<- Back to all posts
December 5, 2025
December 11, 2025

"Where Do I Put My Logs?" A Conversation with TLDCRM's CEO on Solving the Impossible

No items found.

Listen to this article

Powered by NotebookLM
Listen to this article

TL;DR: TLDCRM spent two years asking "where do I put my logs?". Their insurance call center platform processes 8 million API requests daily. Analytics on this data would give their customers insights on vendor behavior. But they couldn't make request log analytics available to their customers. Using the operational DB for this would cripple production. Datadog costs were high and didn't enable analytic access to TLDCRM’s customers. Data lakes were too complex. We caught up with Alexander Conroy, CEO and lead developer of TLDCRM and he walked us through the solution they found with Firebolt.

Alexander Conroy is the CEO and lead developer of TLDCRM, a rare combination in the SaaS world. He built the company's CRM and dialer platform from the ground up, and he still writes the code for critical infrastructure features. When we spoke with him, he'd just finished implementing a solution to a problem that had haunted him for over two years.

We wanted to understand: What makes a data logging problem so hard that even an experienced technical CEO can't solve it for 24 months?

Overview

Firebolt: Let's start with the basics. What does TLDCRM do?

Alexander: We're a SaaS platform that combines a CRM and predictive dialer specifically built for insurance call centers. Think health insurance, Medicare, life insurance, final expense - anything that can be sold at a premium. Our customers range from small agencies with 15 agents to massive call centers with 800+ seats.
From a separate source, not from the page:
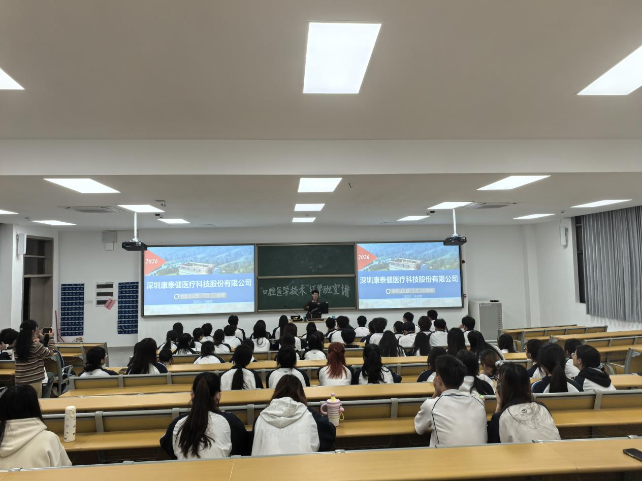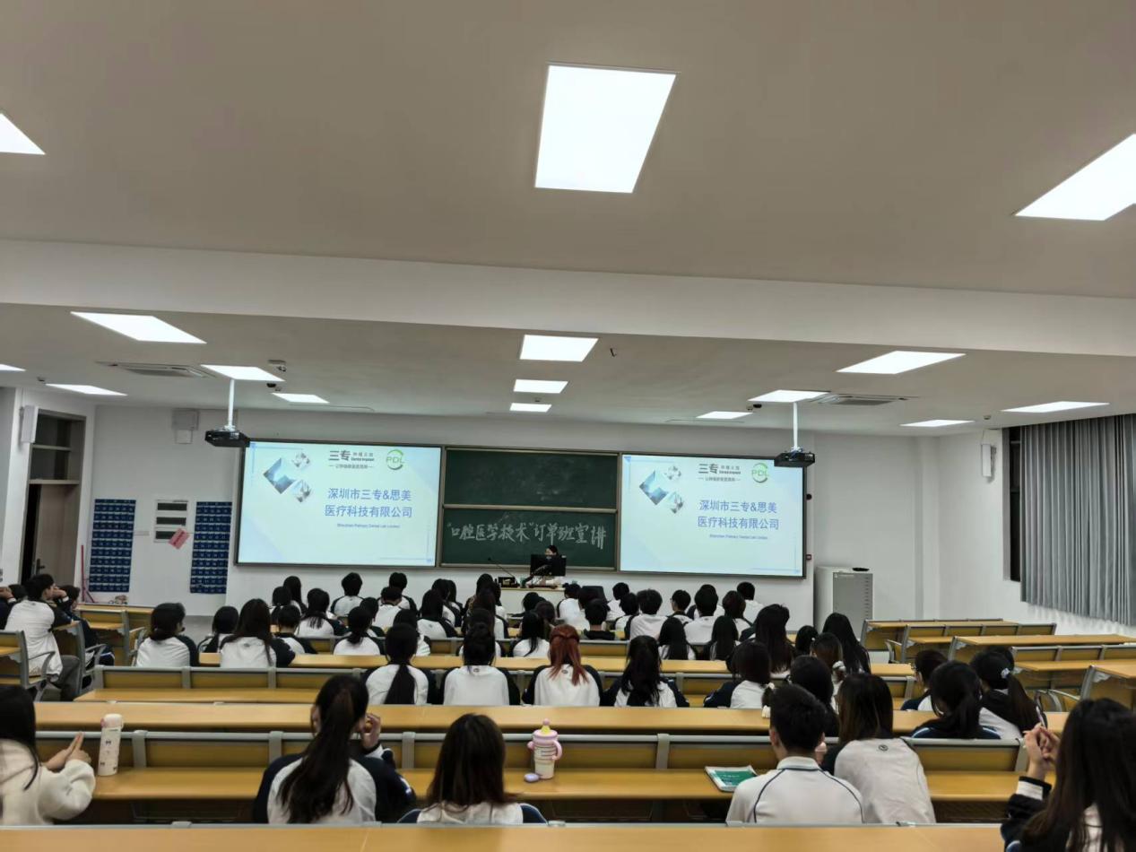 为深化产教融合、破解口腔医学技术行业人才供需结构性矛盾,11月26日,我院迎来深圳康泰健医疗科技股份有限公司、康泰健美医疗科技(深圳)有限公司、深圳市三专医疗科技有限公司三家行业领军企业,开展“1.5+1.5”订单班合作洽谈,并面向24级口腔专业学生举办专场宣讲会,吸引上百名学子到场咨询参与,现场互动热烈。

The key differentiator is that we're all-in-one. Most of our competitors require you to buy a CRM separately, then buy a dialer, then hire consultants to integrate them. With us, it's one platform, one monthly fee, real-time support included. We even track policies and manage commissions, which most dialers don't do.

We have over 330 customers right now, and we're running on over 330 EC2 servers to support them - each account gets its own dedicated dialer infrastructure.
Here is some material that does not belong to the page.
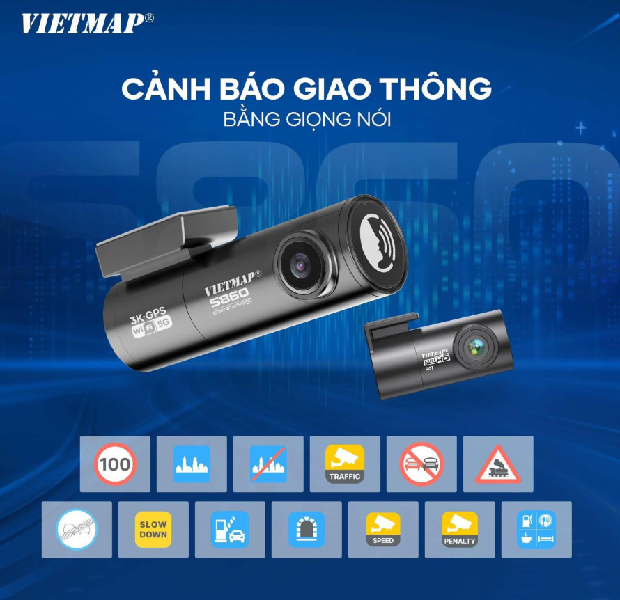 Camera hành trình Vietmap S860 không chỉ ghi hình mà còn hỗ trợ cảnh báo biển báo giao thông bằng giọng nói trên toàn quốc. Hệ thống dữ liệu giao thông luôn được cập nhật thường xuyên, giúp tài xế chủ động hơn khi lái xe.

So what's this "ping" data we keep hearing about?

Alexander: [laughs] Yeah, the ping problem. This is what broke everything.

Here's how insurance lead generation works: Third-party vendors run ads on Facebook, TV, wherever. When someone says "I want a quote," that vendor needs to route the call to a buyer - one of our customers. But before they transfer the live caller, they ping us to check: Is an agent available? Do you accept calls from this area code? Have you already bought this lead?

We have to respond in under 20 milliseconds. Our system actually responds in 0.02 milliseconds because we cache everything in Redis. But the volume is insane.

Challenges

How insane?

Alexander: Eight million pings per day across all our customers. At peak times, that's over 50,000 API requests per minute. We have 29 ECS servers dedicated just to handling this traffic. It's over half of our entire platform load.

Each ping has metadata we need: vendor ID, timestamp, phone number - which we redact to just the area code for compliance - agent availability, accept or reject decision, response time. All critical data for optimizing call center operations through analytics.

The Ping Problem

And you couldn't store this data. Why not?

Alexander: [sighs] That's the question I've been asking for over two years. "Where do I put my logs?"

The obvious answer is MySQL, right? Our operational data is already in Aurora RDS. But I already knew it would cripple RDS. We'd be doing 50,000 inserts per minute. Searching through them even with indexes is very slow. It lags quite a bit. And the more indexes you add, the longer it takes to insert.

Plus, log queries would compete with our operational queries. When you have 3000 concurrent human agents on calls and the database is slow, that's a disaster. People are losing money every second the dialer is down.

So you tried other solutions?

Alexander: Oh yeah. I tried everything.

We started with Datadog because they sold us on this idea that we could use their system for customer-facing analytics.  However, it turned out that this was not the case and we ended up paying $20,000 a month - almost $207,000 a year - for features we couldn't actually use.

The problem is, I can't just plug into Datadog on their query side because of rate limits. Things like Datadog aren't meant for client access. They're meant for the infrastructure owner's access.

We eventually reduced our bill down to $2,500 a month after we realized we were paying for monitoring features we'd never use.

What about building a data lake?

Alexander: [laughs] So many terms and so many different things. Kafka, S3, Athena, Glue... I'm like, I'm more of a "I got a database, here's the table, this is where it goes, I can query it, I can index it properly" kind of person.

For a team of 20+ people, spending months building a data lake means not building product features. The opportunity cost is too high. And honestly, I'm not sure we have the expertise in-house to do it right.

So what happened to the data for those two years?

Alexander: It just... disappeared. We had NGINX logs showing that requests hit the server, but we didn't have the parameters, what was the response, all these other things we needed to debug and figure out what the hell's going on with the client.

People would ask us all the time: "What's the accept rate for the ping? Like, how often do you reject? How often do you accept?" No way to answer that with Datadog. We simply weren't collecting the data because there was nowhere to put it.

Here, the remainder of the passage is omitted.